What you are computing in this code instead, is the difference in entropy w.r.t. the prior. Now because your prior is flat, its entropy is maximal, which means that it can only be reduced. (So I don't entirely understand why you would want to take the absolute difference in entropy - could that just be a programming error maybe?). So with this code, you're going to try to maximize the reduction in entropy w.r.t. the prior, and that (in general) has a different interpretation from maximizing the KL-divergence. Because now you're saying: this how uncertain I am about $M$ beforehand, and I want to choose my experiment such that the outcome will make me less uncertain.
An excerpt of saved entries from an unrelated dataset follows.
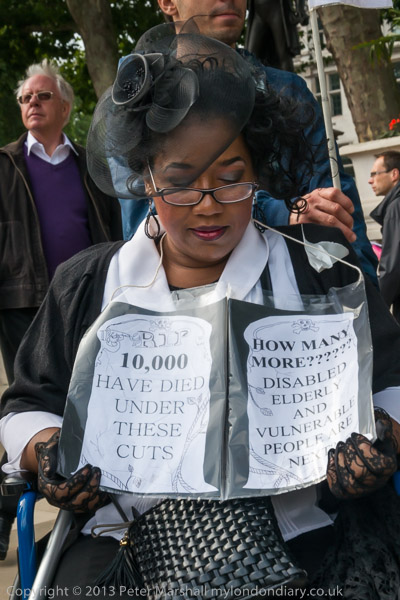 A woman dressed in black with a hat and veil             Winvisible campaigners with a list of several who died after having benefits cut
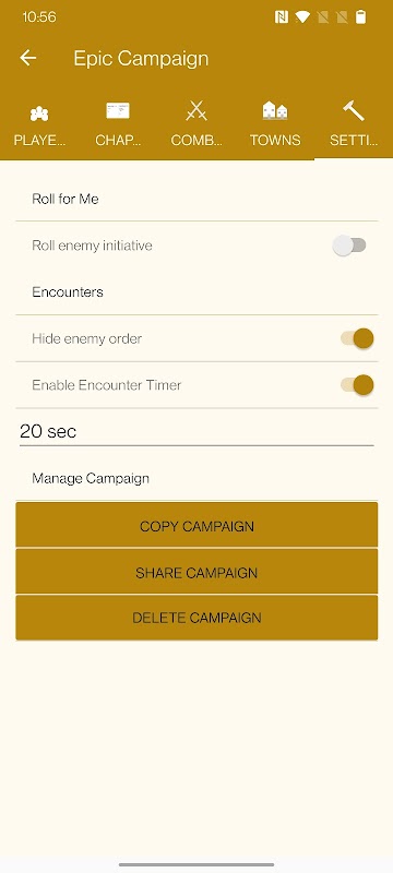 Quickly create a Campaign, add a town complete with shops; citizens; and everything you need in both to answer your players questions. Create Encounters and modify them then enter combat and add them and your players in an imitative order that's all taken care of by the app with your input. Store all of your notes in this app as well, have everything to be prepared for your next tabletop experience!
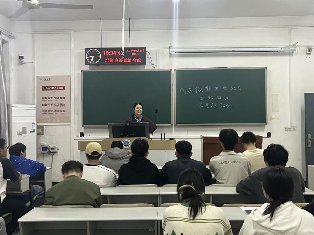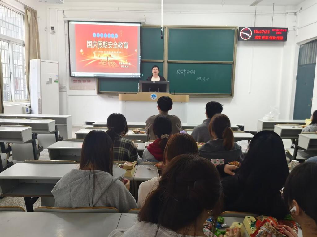 (通讯员 段文洁/文 张孝艺/摄)为切实增强大学生安全防范意识,确保国庆假期期间人身与财产安全,9月25-28日,正规滚球app平台官网全体研究生、本科生陆续召开“国庆假期安全教育”主题班会。班会由班主任主持,全体同学参加。

In other words, this maximizes the (expected) amount of information (reduction in uncertainty) that the experiment provides, rather than maximizing the (expected) change in your belief.
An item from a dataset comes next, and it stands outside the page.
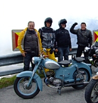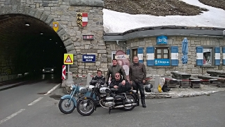 Der höchste Berg Österreichs ist der Großglockner (3798 m). Dieser liegt in den Hohen Tauern, einem der vielen beliebten Skigebiete in Österreich. Da die Alpen einen Großteil des österreichischen Staatsgebiets bedecken, nennt man das Land umgangssprachlich auch „die Alpenrepublik“. Und genau diesen Berg wollen wir mit den Puch´s erklimmen. Die Anfänge der Puch der späteren österreichischen "Hausmarke" reichen tief in die k.u.k.-Vergangenheit zurück. 1862 kommt Johann Puch zur Welt, 27 Jahre später legt er mit seinem genialen mechanischen Verständnis als Fahrradmechaniker den Grundstein für unsere Tour. 4 Männer ( Bundesrat & Bgm. Ing. Eduard Köck, Kurt Silberbauer, Manfred Russ & Ing. Christian Bayer ) stellen sich der Herausforderung und nehmen sich die Zeit, auf 887km Österreich (kleine Teile von Deutschland & Tschechien) von einer ganz anderen Seite zu sehen. Der Plan ist es die Tour in 4 Tagen zu schaffen. Die meisten Navigationssysteme meinen, daß diese Tour in ca 13h zu schaffen wäre, wir hoffen es ohne technische Probleme in der 4 fachen Zeit zu schaffen. Leider gibt es vor dem Start schon ein Opfer zu beklagen, eine der Puchs wird die Tour nicht antreten können. Alternativ wird ein nicht so ganz historisches Motorrad antreten. Für diese Challenge treten an: ( Bayer jun. , darf leider nicht mit ) | |||

So these two cases aren't equivalent in general, but the exception is if your prior on $M$ is flat, which it is in your case. If the prior is flat, then the posterior will diverge from the prior if and only if the entropy is reduced (because the only way for the posterior to diverge from the prior is to be less flat, and the less flat it is, the more different it is). So the more you reduce the entropy, the higher the KL-divergence. If, on the other hand, your prior is not flat, then you can increase the KL-divergence of the posterior while actually increasing the entropy. In other words, it is then possible for the outcome of the experiment to maximally change your belief about $M$, by actually making you more uncertain about it (this happens when the information you get from the experiment contradicts the prior).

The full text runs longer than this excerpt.